Japanese Prime Minister Junichiro Koizumi visited a controversial war shrine Monday, where he paid homage to Japan's fallen soldiers. The Japanese leader made the visit two days ahead of schedule, amid protests from Japan's Asian neighbors.
In an attempt to downplay controversy, Japanese Prime Minister Junichiro Koizumi paid his respects at a Shinto shrine honoring the nation's war dead Monday instead of Wednesday, the anniversary of Japan's surrender in World War II.
By pushing his visit two days earlier, Mr. Koizumi was trying to dampen its symbolism. China, North and South Korea - countries that suffered under Japan's past expansionist policies - have strongly protested the visit to the shrine, which honors millions of Japanese soldiers serving in World War II, including convicted war criminals.

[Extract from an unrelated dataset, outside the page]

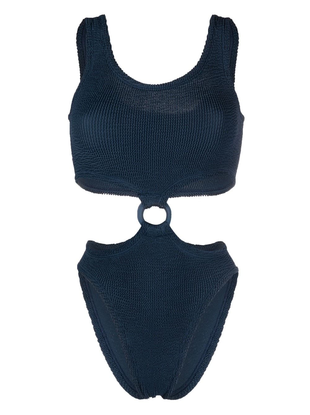 Sustainable swimwear brand Hunza G deployed yet another staple one-piece, this time adding a hoop embellishment and cut-outs for extra intrigue. Their signature crinkle detailing allows their pieces to achieve that elusive one-size-fits-all title.

After his brief trip to the shrine, Mr. Koizumi gave reporters his reason for worshipping at a controversial spot that most of his recent predecessors have avoided. He said Japan must not forget that today's peace and prosperity is the result of the many lives that were lost in World War II. He said he prayed for the souls of the dead and that Japan would never again go to war.
Mr. Koizumi was led into the shrine's altar by a priest, but he did not undergo traditional Shinto purification rituals, which could have stirred concerns of violating the separation of church and state as outlined in the Japanese Constitution.

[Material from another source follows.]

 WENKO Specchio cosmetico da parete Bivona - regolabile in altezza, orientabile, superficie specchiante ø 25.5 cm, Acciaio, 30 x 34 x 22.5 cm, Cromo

The prime minister said he backed off from a previous pledge to visit the shrine August 15 because his intentions would be misunderstood by some Japanese and by neighboring governments. He said he would like to meet with top officials from other Asian countries to exchange opinions and to clear up any misinterpretations.
In a statement released before his visit to the shrine, Mr. Koizumi tried to soothe the anger that much of Asia still feels towards Japan for its aggression before and during the war. In it, he said Japan caused immeasurable pain and suffering when it colonized other nations. He said Japan's aggressive actions were based on a mistaken national policy. The Japanese leader offered his deepest regret for all the victims of war.
Beijing immediately criticized the shrine visit, saying it remains opposed to Japanese leaders worshipping at the shrine.